In Europe, cryptography became (secretly) more important as a consequence of political competition and religious revolution. For instance, in Europe during and after the Renaissance, citizens of the various Italian states — the Papal States and the Roman Catholic Church included — were responsible for rapid proliferation of cryptographic techniques, few of which reflect understanding (or even knowledge) of Alberti's polyalphabetic advance. 'Advanced ciphers', even after Alberti, weren't as advanced as their inventors / developers / users claimed (and probably even themselves believed). They were regularly broken. This over-optimism may be inherent in cryptography for it was then, and remains today, fundamentally difficult to accurately know how vulnerable your system actually is. In the absence of knowledge, guesses and hopes, as may be expected, are common.

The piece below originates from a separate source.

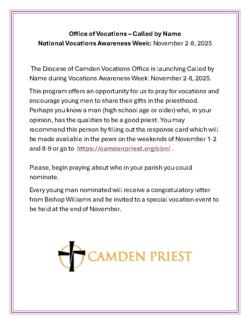 Click here to download a parish registration form. The file is set-up so that you can type in your information. Once completed you can drop it off at the parish office, put it in the collection basket or attach it to an email and send it to

Cryptography, cryptanalysis, and secret agent/courier betrayal featured in the Babington plot during the reign of Queen Elizabeth I which led to the execution of Mary, Queen of Scots. An encrypted message from the time of the Man in the Iron Mask (decrypted just prior to 1900 by Étienne Bazeries) has shed some, regrettably non-definitive, light on the identity of that real, if legendary and unfortunate, prisoner. Cryptography, and its misuse, were involved in the plotting which led to the execution of Mata Hari and in the conniving which led to the travesty of Dreyfus' conviction and imprisonment, both in the early 20th century. Fortunately, cryptographers were also involved in exposing the machinations which had led to Dreyfus' problems; Mata Hari, in contrast, was shot.

Outside of Europe, after the end of the Muslim Golden Age at the hand of the Mongols, cryptography remained comparatively undeveloped. Cryptography in Japan seems not to have been used until about 1510, and advanced techniques were not known until after the opening of the country to the West beginning in the 1860s. During the 1920s, it was Polish naval officers who assisted the Japanese military with code and cipher development.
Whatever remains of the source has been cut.